Omit any pictures, and restate word for word only the lines from the one with "Bước 3: Sau" through the end of the data below.

--- Supplied entries Enclosed Below ---

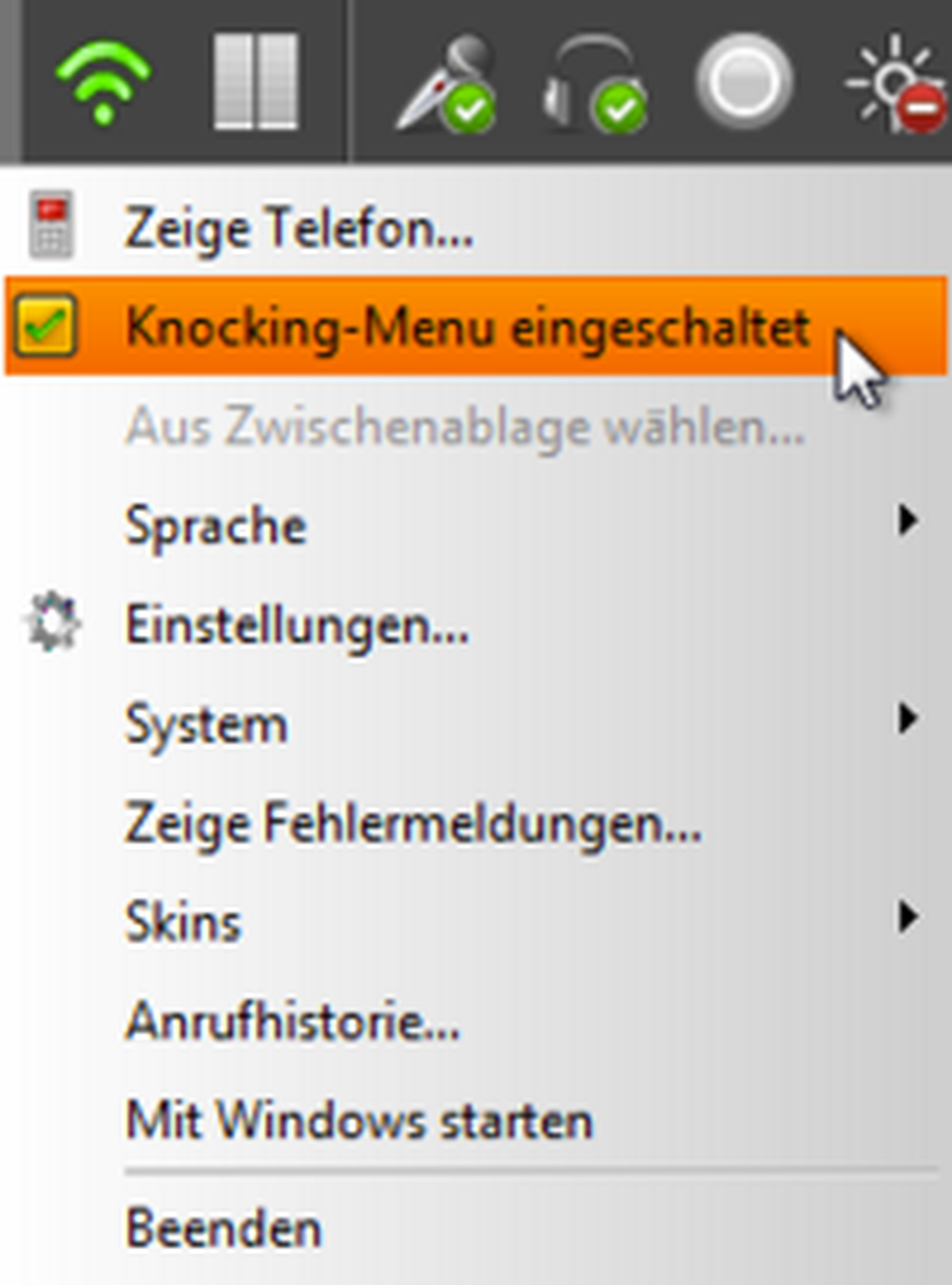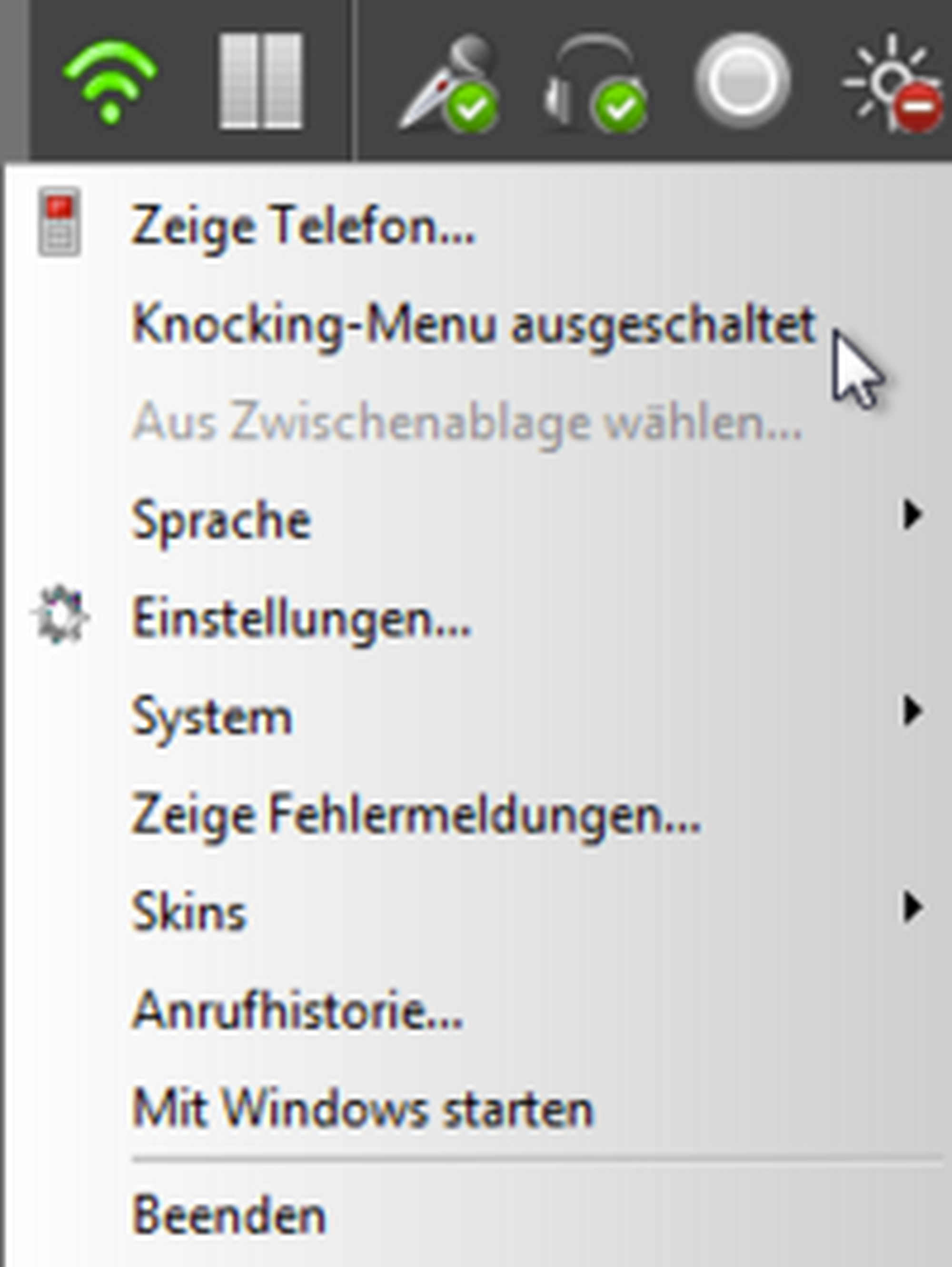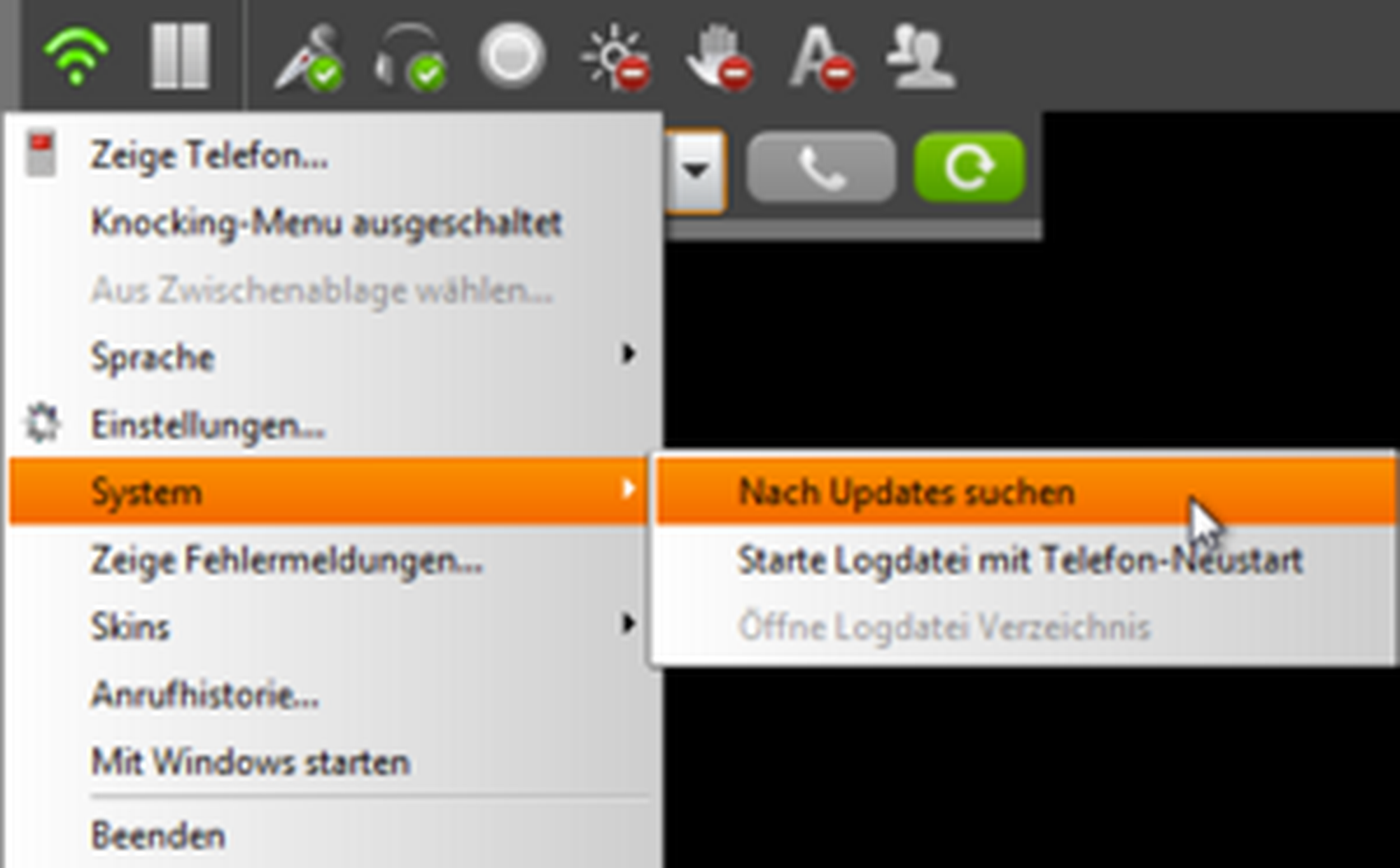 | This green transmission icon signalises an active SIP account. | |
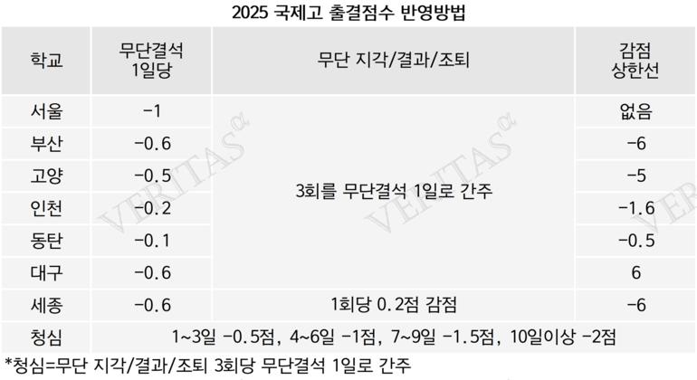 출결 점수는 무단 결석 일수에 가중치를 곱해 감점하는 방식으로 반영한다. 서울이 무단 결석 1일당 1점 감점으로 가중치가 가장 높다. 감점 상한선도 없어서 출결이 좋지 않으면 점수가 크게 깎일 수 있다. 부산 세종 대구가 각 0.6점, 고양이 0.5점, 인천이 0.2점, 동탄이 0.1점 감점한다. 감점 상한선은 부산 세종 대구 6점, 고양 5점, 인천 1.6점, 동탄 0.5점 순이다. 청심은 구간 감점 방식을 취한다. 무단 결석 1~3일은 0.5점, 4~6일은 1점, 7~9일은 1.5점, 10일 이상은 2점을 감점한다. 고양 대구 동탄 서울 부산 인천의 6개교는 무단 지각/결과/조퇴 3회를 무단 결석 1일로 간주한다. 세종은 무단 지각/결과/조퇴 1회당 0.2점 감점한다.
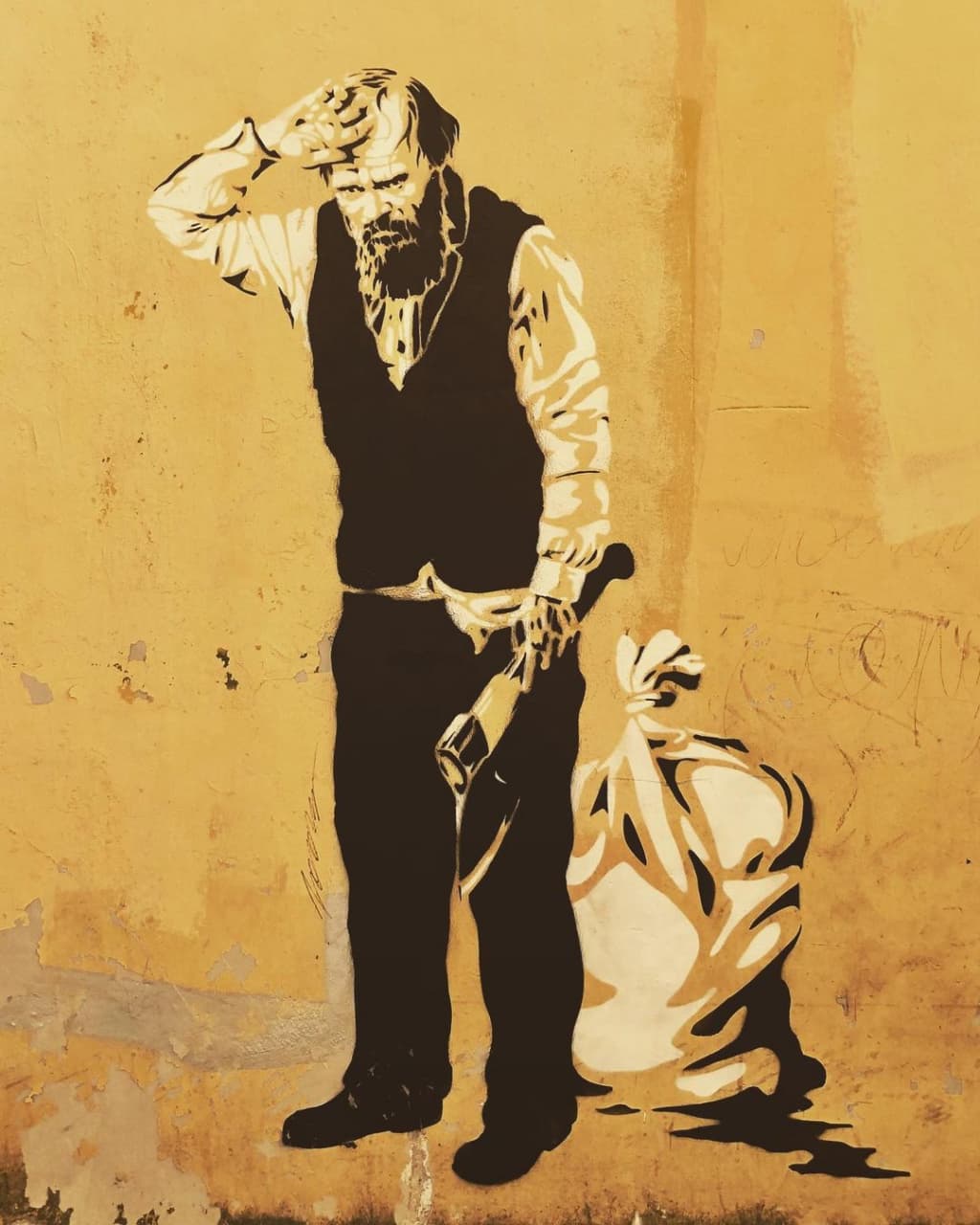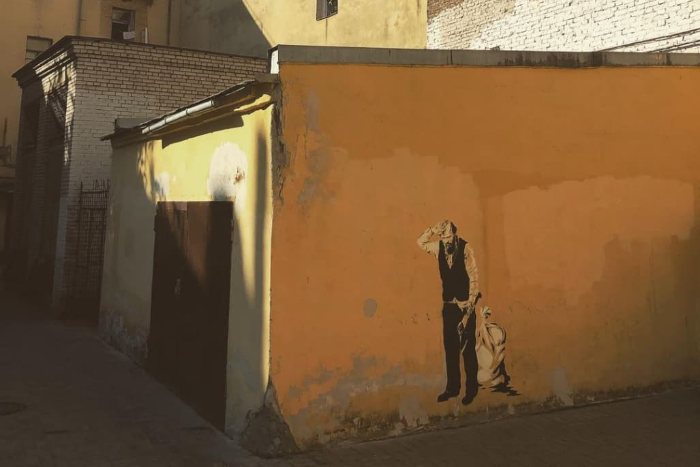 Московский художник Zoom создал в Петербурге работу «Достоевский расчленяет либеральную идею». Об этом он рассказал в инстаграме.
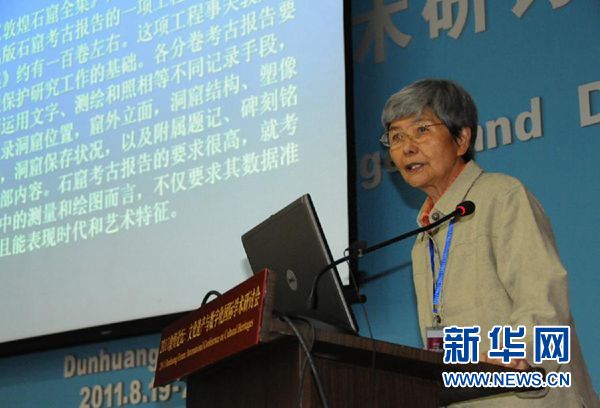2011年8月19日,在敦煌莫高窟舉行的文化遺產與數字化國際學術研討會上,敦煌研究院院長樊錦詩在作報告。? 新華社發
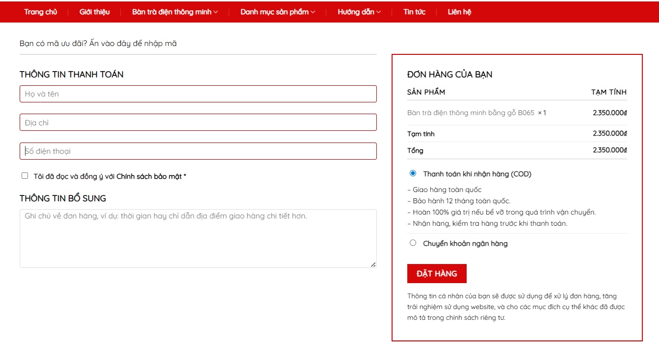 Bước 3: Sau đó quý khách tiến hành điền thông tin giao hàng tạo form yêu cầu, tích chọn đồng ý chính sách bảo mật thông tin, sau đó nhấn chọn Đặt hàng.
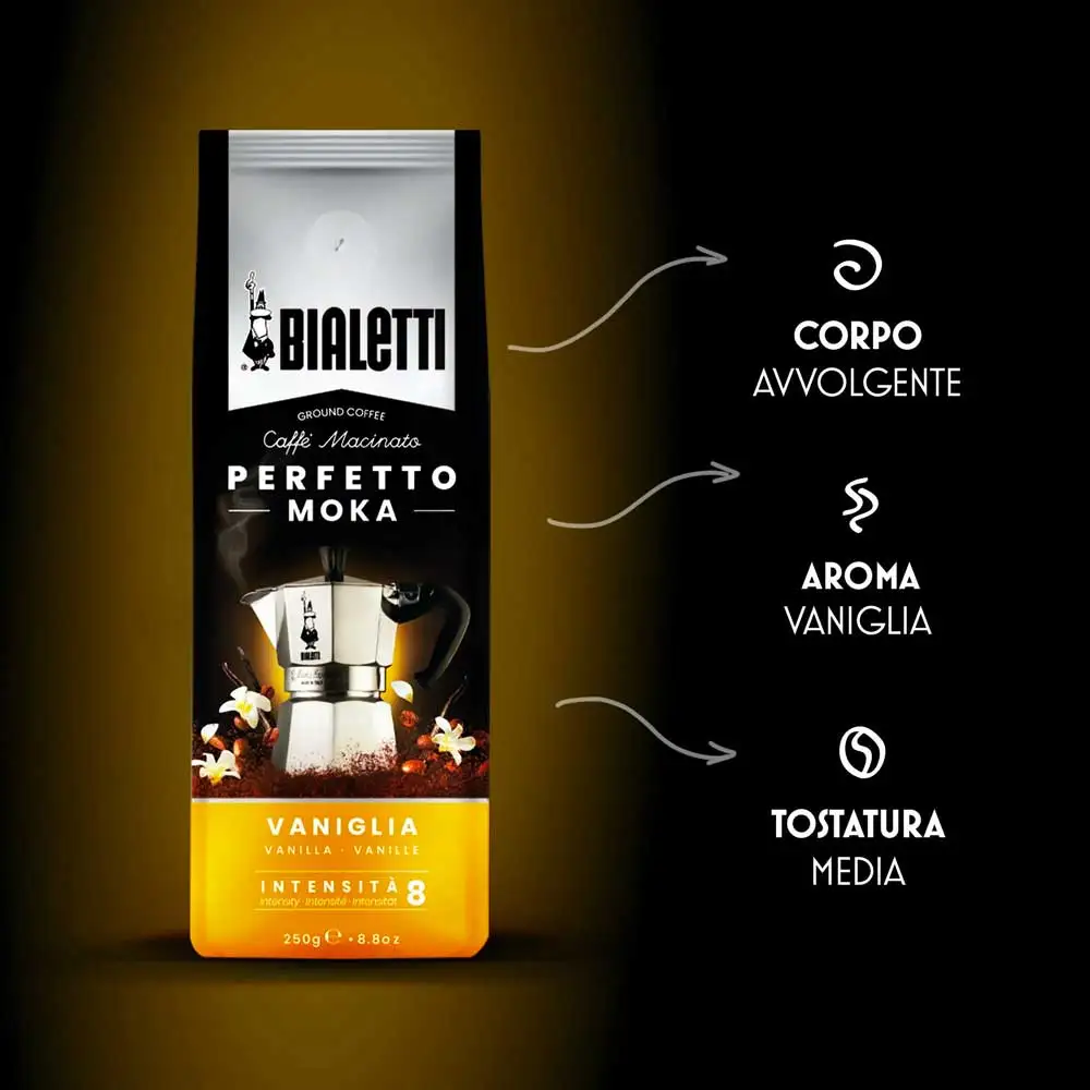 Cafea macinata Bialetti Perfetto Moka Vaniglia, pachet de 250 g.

--- End of Enclosed Supplied entries ---

> **Your solution**
 Bước 3: Sau đó quý khách tiến hành điền thông tin giao hàng tạo form yêu cầu, tích chọn đồng ý chính sách bảo mật thông tin, sau đó nhấn chọn Đặt hàng.
 Cafea macinata Bialetti Perfetto Moka Vaniglia, pachet de 250 g.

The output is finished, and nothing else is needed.